**EXERCISE**
These records contain pictures, which must be left out; copy exactly the lines from the one with "Darth Vader (2)" up to and including the one with "20-28 พฤศจิกายน 2566".

**RECORD EXCERPTS**
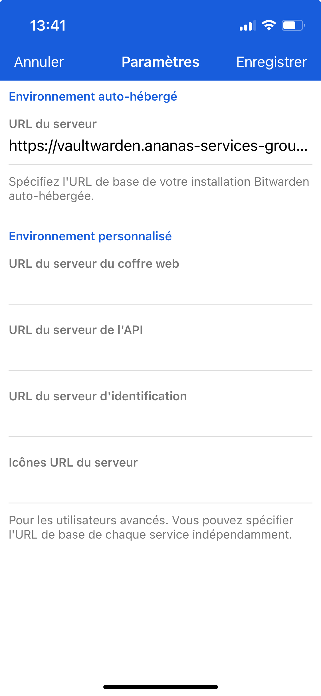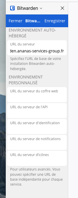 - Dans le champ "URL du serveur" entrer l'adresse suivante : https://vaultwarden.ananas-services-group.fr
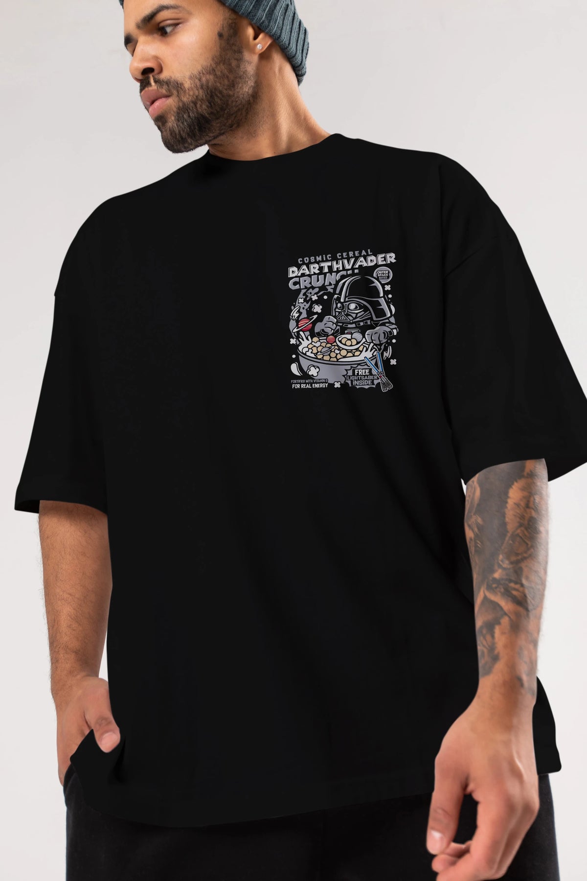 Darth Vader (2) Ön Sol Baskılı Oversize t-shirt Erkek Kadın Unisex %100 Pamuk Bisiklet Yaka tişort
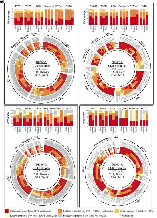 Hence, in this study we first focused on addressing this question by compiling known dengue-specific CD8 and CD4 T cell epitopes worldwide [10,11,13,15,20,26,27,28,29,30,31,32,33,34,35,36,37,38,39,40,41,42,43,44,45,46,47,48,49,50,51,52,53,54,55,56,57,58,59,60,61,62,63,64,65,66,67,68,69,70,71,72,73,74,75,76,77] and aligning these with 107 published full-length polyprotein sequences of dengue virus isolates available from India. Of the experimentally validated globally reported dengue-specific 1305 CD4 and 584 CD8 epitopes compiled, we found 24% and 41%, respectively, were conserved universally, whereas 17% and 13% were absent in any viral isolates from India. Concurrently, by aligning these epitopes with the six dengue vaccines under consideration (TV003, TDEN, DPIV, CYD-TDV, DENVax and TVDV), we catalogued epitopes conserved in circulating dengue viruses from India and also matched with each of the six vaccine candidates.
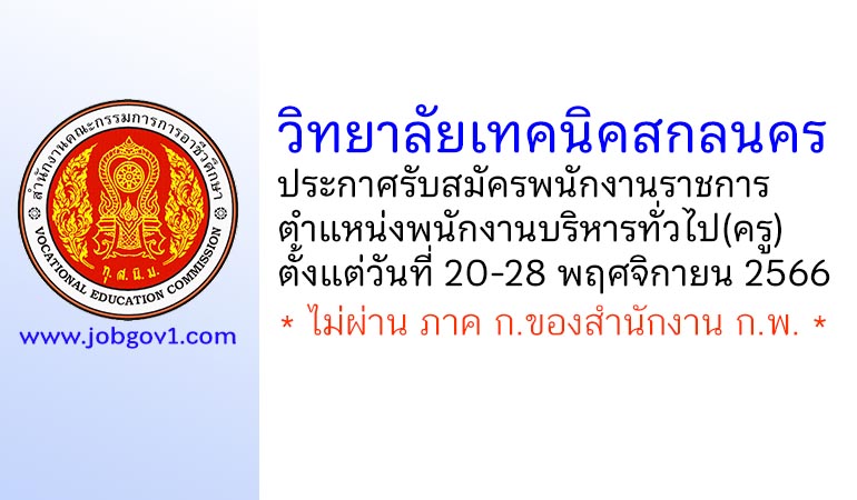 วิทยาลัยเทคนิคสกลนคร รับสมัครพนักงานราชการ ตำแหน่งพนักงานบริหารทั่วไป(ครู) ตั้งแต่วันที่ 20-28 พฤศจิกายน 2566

--

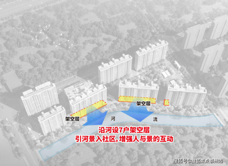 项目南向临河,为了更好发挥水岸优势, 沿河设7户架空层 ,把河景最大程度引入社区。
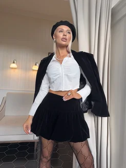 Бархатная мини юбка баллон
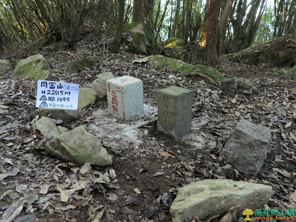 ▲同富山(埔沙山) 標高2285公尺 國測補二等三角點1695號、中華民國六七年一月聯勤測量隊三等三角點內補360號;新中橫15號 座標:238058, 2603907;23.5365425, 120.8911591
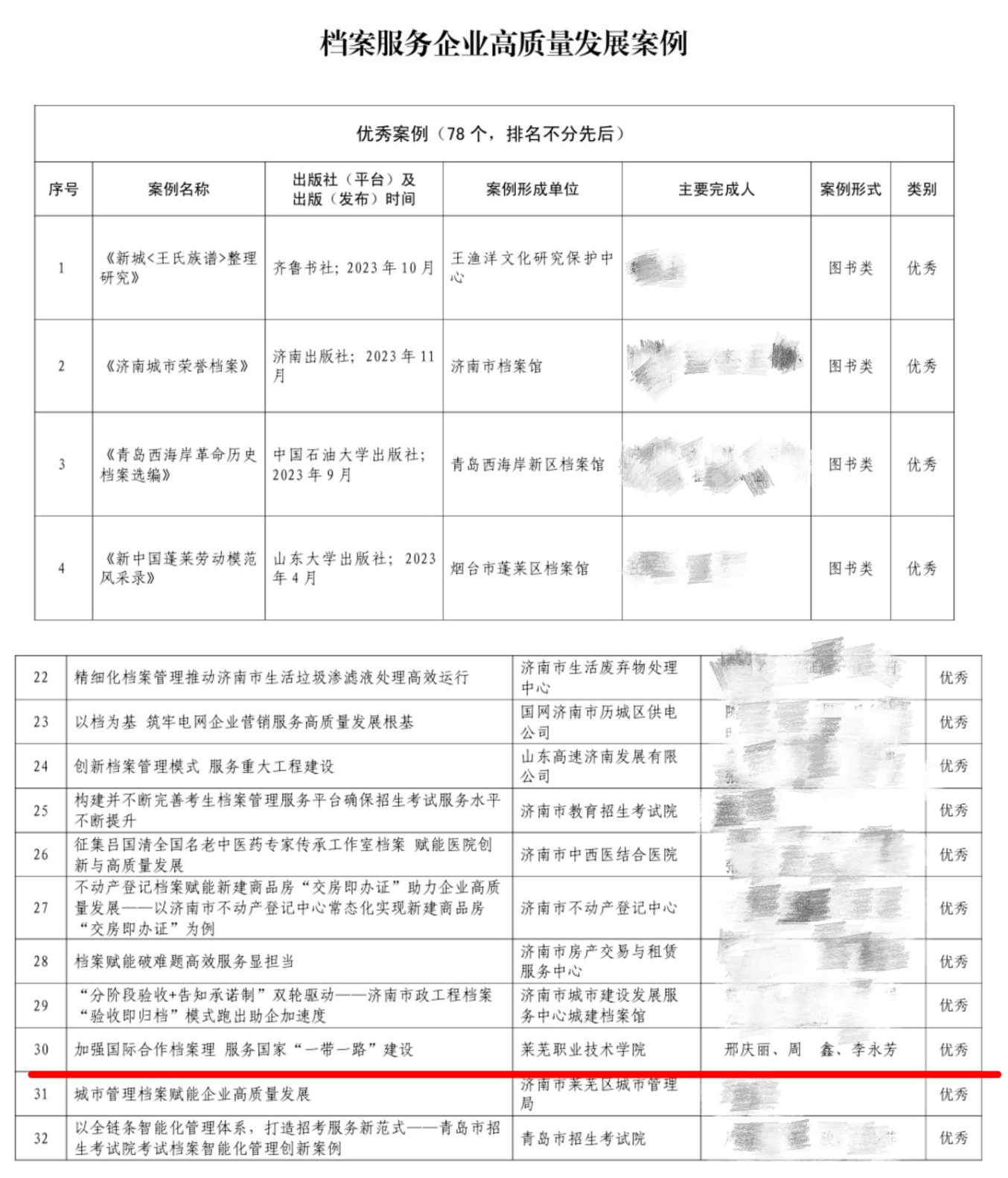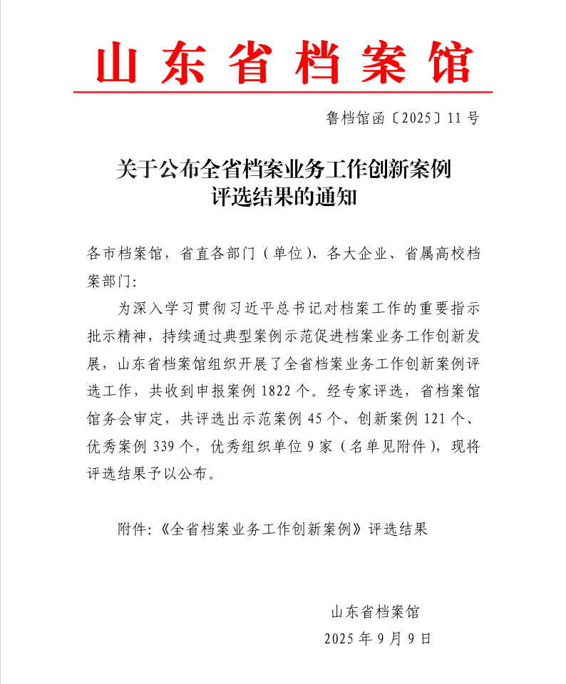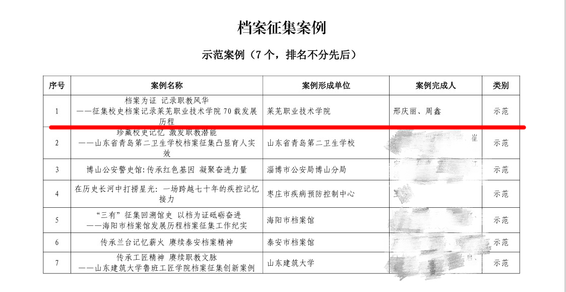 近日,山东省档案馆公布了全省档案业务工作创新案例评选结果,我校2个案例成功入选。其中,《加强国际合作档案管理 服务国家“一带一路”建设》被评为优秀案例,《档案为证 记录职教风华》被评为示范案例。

**RESPONSE AREA**
 Darth Vader (2) Ön Sol Baskılı Oversize t-shirt Erkek Kadın Unisex %100 Pamuk Bisiklet Yaka tişort
 Hence, in this study we first focused on addressing this question by compiling known dengue-specific CD8 and CD4 T cell epitopes worldwide [10,11,13,15,20,26,27,28,29,30,31,32,33,34,35,36,37,38,39,40,41,42,43,44,45,46,47,48,49,50,51,52,53,54,55,56,57,58,59,60,61,62,63,64,65,66,67,68,69,70,71,72,73,74,75,76,77] and aligning these with 107 published full-length polyprotein sequences of dengue virus isolates available from India. Of the experimentally validated globally reported dengue-specific 1305 CD4 and 584 CD8 epitopes compiled, we found 24% and 41%, respectively, were conserved universally, whereas 17% and 13% were absent in any viral isolates from India. Concurrently, by aligning these epitopes with the six dengue vaccines under consideration (TV003, TDEN, DPIV, CYD-TDV, DENVax and TVDV), we catalogued epitopes conserved in circulating dengue viruses from India and also matched with each of the six vaccine candidates.
 วิทยาลัยเทคนิคสกลนคร รับสมัครพนักงานราชการ ตำแหน่งพนักงานบริหารทั่วไป(ครู) ตั้งแต่วันที่ 20-28 พฤศจิกายน 2566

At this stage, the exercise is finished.